Alternatively, in some embodiments, search simulation may be performed based on a combination of the above-described embodiments. For example, the problem-solving system 10 may perform search simulation, selecting a first next node in the greedy method and a second next node in the sampling method.

Search simulation operations for the respective candidate search nodes may be performed in parallel. For example, when the problem-solving system 10 is implemented as multiple computing devices or processors (e.g., GPUs), the search simulation operations for the respective candidate search nodes may be performed in parallel by the multiple computing devices or processors.
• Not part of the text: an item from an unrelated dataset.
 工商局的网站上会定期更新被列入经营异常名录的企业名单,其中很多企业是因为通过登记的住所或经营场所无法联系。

In this example, the amount of time that it takes to conduct a tree search may be considerably reduced.

In S44, a next search node may be determined from among the candidate search nodes based on the values of the candidate search nodes. As described above, the number of next search nodes may be determined by the value of the search range parameter. For example, referring to FIG. 8, if the search range parameter has a value of 2, the problem-solving system 10 may determine two candidate search nodes with a highest value, i.e., the candidate search nodes 62 and 64, as next search nodes.
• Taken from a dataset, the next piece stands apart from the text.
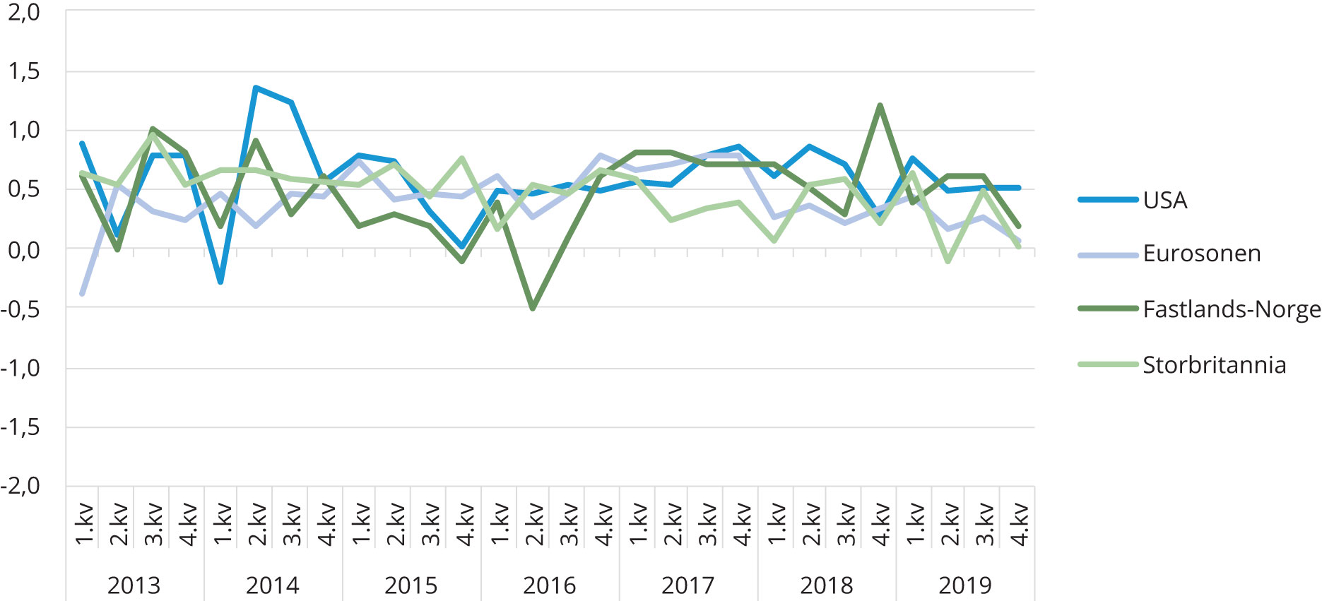 Den moderate oppgangskonjunkturen som begynte i slutten av 2016 fortsatte i 2019. Årsveksten i bruttonasjonalprodukt (BNP) for Fastlands-Norge ble på 2,3 prosent, litt høyere enn i 2018 da den var på 2,2 prosent, og høyere enn trendveksten for fastlandsøkonomien.[7] Trendveksten er en estimert størrelse. SSBs estimat av den årlige trendveksten for BNP Fastlands-Norge er på 2 %. En oppgangskonjunktur er definert som en periode der veksten i BNP for Fastlands-Norge er høyere enn trendveksten. Veksten i norsk økonomi avtok imidlertid mot slutten av året. BNP for Fastlands-Norge økte med 0,2 prosent i fjerde kvartal, ifølge sesongjusterte tall fra nasjonalregnskapet (tabell 2). Dette er en lavere veksttakt enn i de to foregående kvartalene, da fastlands-BNP steg med 0,6 prosent. Høyere aktivitet i de private tjenestenæringene var det viktigste bidraget til veksten i fastlandsøkonomien i fjerde kvartal, selv om veksten der også var noe lavere enn i de foregående kvartalene. Bruttoproduktet i industrien økte med bare 0,2 prosent og bidro i mindre grad til veksten i fastlandsøkonomien. Det var en nedgang i produksjonen i de fleste industrinæringene, bortsett fra oljeleverandørene, der særlig verftsindustri hadde god vekst i fjerde kvartal. Innen bygg og anlegg var det også lavere vekst i fjerde kvartal enn tidligere i 2019, mens det var en nedgang i produksjonen innen fiskeri, akvakultur og elektrisitetsproduksjon. Dette trakk ned veksten i fastlandsøkonomien.

In S45, a determination may be made as to whether the next search node has any child nodes. In other words, a determination may be made as to whether the next search node is a leaf node. If the next search node has child nodes, the search may be continued, using the next search node as a new current search node (S41 through S44). On the contrary, if the next search node has no child nodes, the search may be terminated, and the problem-solving method proceeds to S46.

In S46, a solution to the target problem may be determined. Specifically, solutions (i.e., solutions corresponding to search paths) derived from the search may be evaluated using an evaluation function associated with the target problem, and a solution to the target problem may be determined from among the derived solutions based on the results of the evaluation. For example, the problem-solving system 10 may determine a derived solution with a highest evaluation score or more than one derived solution with an evaluation score higher than a reference level as the solution to the target problem. If the evaluation scores of all the derived solutions are lower than the reference level, the problem-solving system 10 may suspend (or give up) determining the solution to the target problem or may conduct a search again only on all paths other than those that have already been searched.
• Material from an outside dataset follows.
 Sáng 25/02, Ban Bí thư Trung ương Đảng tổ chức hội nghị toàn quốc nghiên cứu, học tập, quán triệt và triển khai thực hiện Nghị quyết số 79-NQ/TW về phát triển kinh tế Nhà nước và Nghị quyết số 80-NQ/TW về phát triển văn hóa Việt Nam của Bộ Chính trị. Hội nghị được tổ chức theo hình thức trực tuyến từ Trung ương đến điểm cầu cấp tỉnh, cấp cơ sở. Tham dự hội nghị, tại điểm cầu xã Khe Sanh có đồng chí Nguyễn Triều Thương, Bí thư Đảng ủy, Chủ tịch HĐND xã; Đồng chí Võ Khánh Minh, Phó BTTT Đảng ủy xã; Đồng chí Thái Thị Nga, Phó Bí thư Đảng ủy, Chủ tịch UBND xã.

FIG. 9 illustrates that two search paths 91 and 92 are derived from the search of the search tree 50. In this case, the problem-solving system 10 may evaluate solutions corresponding to the search paths 91 and 92 using an evaluation function and may determine the solution to the target problem based on the results of the evaluation.

FIGS. 10 through 12 show exemplary pseudo codes for the problem-solving method of FIG. 4. Specifically, FIG. 10 shows pseudo code for all the steps of the problem-solving method of FIG. 4, and FIGS. 11 and 12 show pseudo codes for S42 and S44 of FIG. 4.

Referring to FIGS. 10 through 12, no denotes a machine-trained model, R denotes an evaluation function, T denotes a set of searched paths, setB denotes a set of current search nodes, setE denotes a set of candidate search nodes, setEV denotes a set of candidate search nodes that have already been evaluated, N denotes the total number of levels (or the depth) of a search tree, B denotes the number of current search nodes included in a search range, E denotes the total number of candidate search nodes, F denotes the number of candidate search nodes expanded for each of the current search nodes (i.e., E=B*F if the current nodes are expanded to have the same number of candidate search nodes), pθ(a|sb) denotes the confidence scores of child nodes of node b, output by the machine-trained model πθ, and sb denotes a search path from a root node to node b (i.e., a combination of items that have been problem-solved or selected). The pseudo codes shown in FIGS. 10 through 12 and the subsequent figures may be easily understood by one of ordinary skill in the art to which the present disclosure pertains, and thus, detailed descriptions thereof will be omitted.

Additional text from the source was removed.